Герцог делла Торре, всецело погруженный в свои библиофильские занятия и поиски рукописей, почти не заметил появления французского флота и, во всяком случае, не придал этому событию никакого значения. Будучи и сам философом, но отнюдь не связывая философию с политикой, он ничуть не удивлялся, что брат его издевается над правительством, армией и монахами. И вдруг он узнаёт, что дон Клементе Филомарино арестован и заключен в форт Сант'Эльмо.
Упади к его ногам молния — он был бы не столь ошеломлен, как этим известием; некоторое время он собирался с мыслями, потом поспешил в Викариа к регенту — должность эта соответствует нашему префекту полиции.

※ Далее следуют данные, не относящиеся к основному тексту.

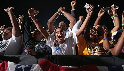 Bốn năm đã trôi qua và sự thay đổi thực tế đã đến với nước Mỹ, khi ông Obama vươn tới một chiến thắng trước đối thủ Mitt Romney ở vị trí dẫn đầu một liên minh tiến bộ mới gồm phụ nữ, các cộng đồng thiểu số và những người trẻ tuổi.
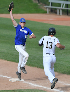 PHOTOS: (Top) Summerfield's Brock Olmstead unwinds toward the plate during his team's Division 4 Semifinal win Friday. (Middle) Nouvel's Michael Ehlman (11) snags a throw at first base just in front of Decatur runner Justin Gale.

Он хотел узнать, в чем обвиняется брат.
Он был крайне удивлен, когда ему ответили, что его брат — заговорщик, ему предъявлены весьма тяжкие обвинения и, если они будут доказаны, речь пойдет об его голове.

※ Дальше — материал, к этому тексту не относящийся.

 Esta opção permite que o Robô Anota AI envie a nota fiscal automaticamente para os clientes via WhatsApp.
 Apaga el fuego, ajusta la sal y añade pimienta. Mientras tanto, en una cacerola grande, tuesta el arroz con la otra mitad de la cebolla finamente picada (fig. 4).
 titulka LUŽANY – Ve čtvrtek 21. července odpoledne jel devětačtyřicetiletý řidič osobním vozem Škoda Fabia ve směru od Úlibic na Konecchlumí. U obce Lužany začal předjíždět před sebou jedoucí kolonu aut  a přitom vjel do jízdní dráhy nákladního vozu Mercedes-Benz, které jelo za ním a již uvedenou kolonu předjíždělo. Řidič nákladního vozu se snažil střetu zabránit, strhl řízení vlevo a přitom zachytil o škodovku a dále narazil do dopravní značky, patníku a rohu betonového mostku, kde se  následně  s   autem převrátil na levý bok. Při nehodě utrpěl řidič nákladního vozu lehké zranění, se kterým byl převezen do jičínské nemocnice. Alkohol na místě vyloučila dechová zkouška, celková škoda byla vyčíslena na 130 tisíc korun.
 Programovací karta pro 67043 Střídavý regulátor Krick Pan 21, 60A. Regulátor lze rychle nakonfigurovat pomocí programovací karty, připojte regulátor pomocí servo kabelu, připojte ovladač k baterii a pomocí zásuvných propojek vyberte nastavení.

Плаха, на которой погибли Витальяни, Эммануэле Де Део и Гальяни, только что была убрана с площади Кастел-ло; герцогу показалось, что она вновь воздвигается, чтобы уничтожить его брата. Он побежал к судьям, ломился в двери всяких Ванни, Гвидобальди, Кастельчикал; он предложил отдать в казну все свое состояние; все рукописи, эльзевиры; он предлагал, чтобы вместо брата взяли его самого. Он умолял первого министра Актона, он бросился в ноги королю, в ноги королеве; все было тщетно. Следствие шло своим чередом. Но на этот раз, несмотря на пагубное влияние кровавой троицы, все обвиняемые были признаны невиновными.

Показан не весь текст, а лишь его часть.